*** Opening of EXTRACTED INFORMATION ***

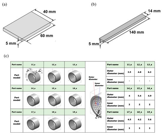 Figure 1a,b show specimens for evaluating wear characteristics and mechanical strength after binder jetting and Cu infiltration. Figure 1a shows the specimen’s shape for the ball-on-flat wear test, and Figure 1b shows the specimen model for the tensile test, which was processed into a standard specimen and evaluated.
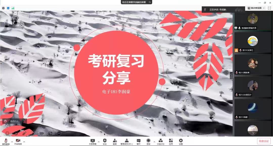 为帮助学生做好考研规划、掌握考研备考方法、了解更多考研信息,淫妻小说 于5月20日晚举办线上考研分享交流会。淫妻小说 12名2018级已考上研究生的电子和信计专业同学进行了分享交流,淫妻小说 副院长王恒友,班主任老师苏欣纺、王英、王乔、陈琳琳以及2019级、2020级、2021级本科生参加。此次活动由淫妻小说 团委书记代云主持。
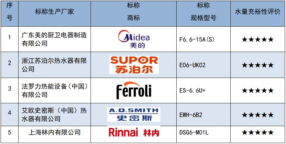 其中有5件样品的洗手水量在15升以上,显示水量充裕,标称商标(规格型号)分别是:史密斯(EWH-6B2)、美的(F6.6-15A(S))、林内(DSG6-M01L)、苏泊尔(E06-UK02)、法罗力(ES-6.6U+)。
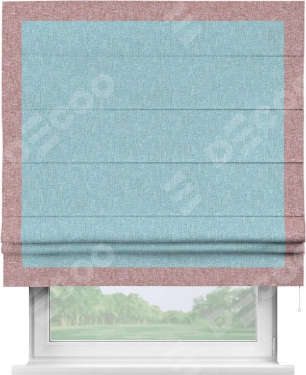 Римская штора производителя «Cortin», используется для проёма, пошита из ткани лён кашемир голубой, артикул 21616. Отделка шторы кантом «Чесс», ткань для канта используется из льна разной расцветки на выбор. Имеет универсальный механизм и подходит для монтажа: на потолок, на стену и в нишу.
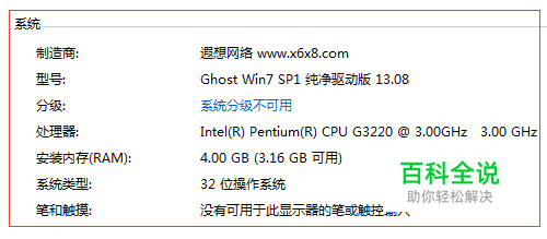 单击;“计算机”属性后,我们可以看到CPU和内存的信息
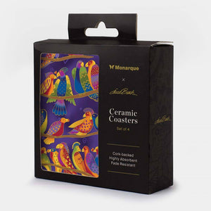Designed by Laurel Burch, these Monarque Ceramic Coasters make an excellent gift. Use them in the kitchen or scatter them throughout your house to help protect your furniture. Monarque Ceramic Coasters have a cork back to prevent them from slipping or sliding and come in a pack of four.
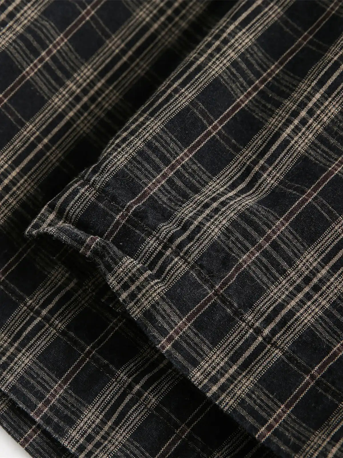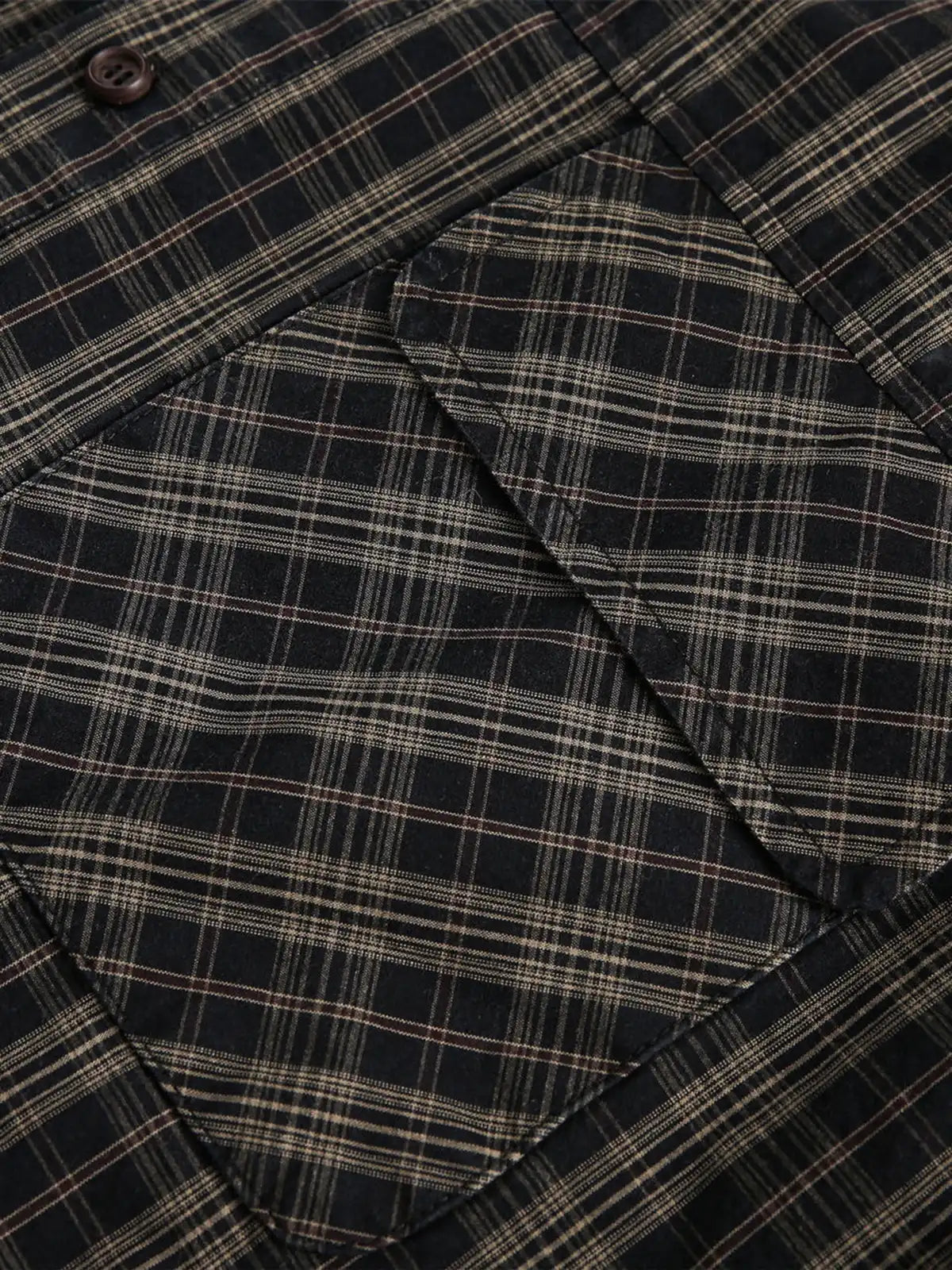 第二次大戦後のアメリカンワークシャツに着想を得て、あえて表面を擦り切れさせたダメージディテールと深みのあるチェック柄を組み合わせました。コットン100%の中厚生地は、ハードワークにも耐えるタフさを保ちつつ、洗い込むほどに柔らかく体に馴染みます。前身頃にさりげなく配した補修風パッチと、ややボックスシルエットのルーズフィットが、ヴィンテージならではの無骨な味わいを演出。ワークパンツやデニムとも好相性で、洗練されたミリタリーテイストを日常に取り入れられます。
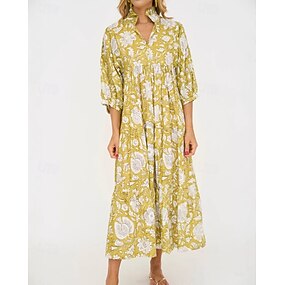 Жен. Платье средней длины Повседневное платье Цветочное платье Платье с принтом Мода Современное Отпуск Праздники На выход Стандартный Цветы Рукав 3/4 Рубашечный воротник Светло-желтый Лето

*** Close of EXTRACTED INFORMATION ***
*** Opening of EXTRACTED INFORMATION ***

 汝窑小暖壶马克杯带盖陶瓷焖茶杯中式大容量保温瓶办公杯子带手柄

*** Close of EXTRACTED INFORMATION ***
*** Opening of EXTRACTED INFORMATION ***

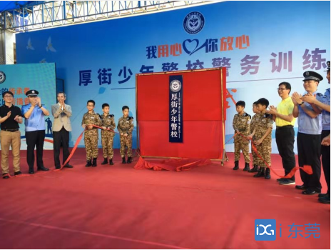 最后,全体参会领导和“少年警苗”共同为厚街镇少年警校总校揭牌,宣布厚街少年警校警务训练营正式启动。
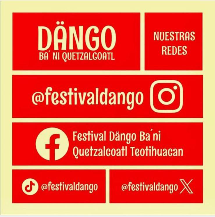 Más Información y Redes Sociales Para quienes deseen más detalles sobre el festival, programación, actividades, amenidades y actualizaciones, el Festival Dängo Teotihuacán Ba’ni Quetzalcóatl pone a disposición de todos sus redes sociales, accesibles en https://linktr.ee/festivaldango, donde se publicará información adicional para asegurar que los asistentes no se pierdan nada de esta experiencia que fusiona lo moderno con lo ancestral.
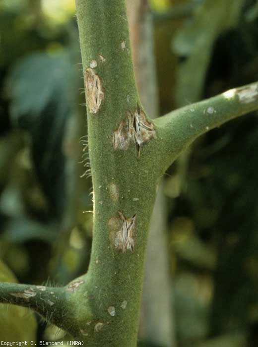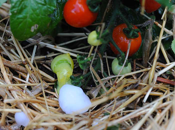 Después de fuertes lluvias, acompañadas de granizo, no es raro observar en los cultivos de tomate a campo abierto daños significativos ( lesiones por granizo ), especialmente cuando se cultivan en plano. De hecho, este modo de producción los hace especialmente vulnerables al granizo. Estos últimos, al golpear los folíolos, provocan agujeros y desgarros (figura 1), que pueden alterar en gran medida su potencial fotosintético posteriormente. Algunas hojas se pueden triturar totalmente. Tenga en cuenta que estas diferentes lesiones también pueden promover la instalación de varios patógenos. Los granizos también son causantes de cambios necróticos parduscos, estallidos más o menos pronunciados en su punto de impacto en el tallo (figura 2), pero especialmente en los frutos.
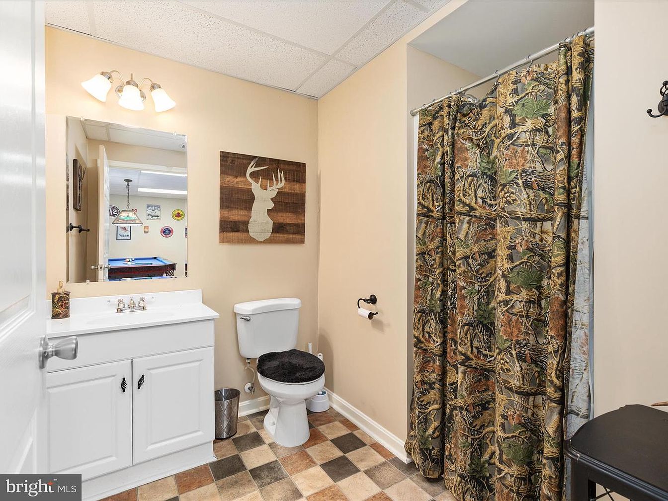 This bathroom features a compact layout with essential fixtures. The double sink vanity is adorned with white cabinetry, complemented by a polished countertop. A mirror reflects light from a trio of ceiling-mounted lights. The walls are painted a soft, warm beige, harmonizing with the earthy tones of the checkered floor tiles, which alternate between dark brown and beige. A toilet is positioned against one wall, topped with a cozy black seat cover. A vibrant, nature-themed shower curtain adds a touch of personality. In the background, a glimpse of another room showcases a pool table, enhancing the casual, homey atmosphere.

*** Close of EXTRACTED INFORMATION ***

Look above for the line with "Designed by Laurel" and the line with "Жен. Платье средней". Copy them and every line between, exactly, but no pictures.

=== SOLUTION BELOW ===
Designed by Laurel Burch, these Monarque Ceramic Coasters make an excellent gift. Use them in the kitchen or scatter them throughout your house to help protect your furniture. Monarque Ceramic Coasters have a cork back to prevent them from slipping or sliding and come in a pack of four.
 第二次大戦後のアメリカンワークシャツに着想を得て、あえて表面を擦り切れさせたダメージディテールと深みのあるチェック柄を組み合わせました。コットン100%の中厚生地は、ハードワークにも耐えるタフさを保ちつつ、洗い込むほどに柔らかく体に馴染みます。前身頃にさりげなく配した補修風パッチと、ややボックスシルエットのルーズフィットが、ヴィンテージならではの無骨な味わいを演出。ワークパンツやデニムとも好相性で、洗練されたミリタリーテイストを日常に取り入れられます。
 Жен. Платье средней длины Повседневное платье Цветочное платье Платье с принтом Мода Современное Отпуск Праздники На выход Стандартный Цветы Рукав 3/4 Рубашечный воротник Светло-желтый Лето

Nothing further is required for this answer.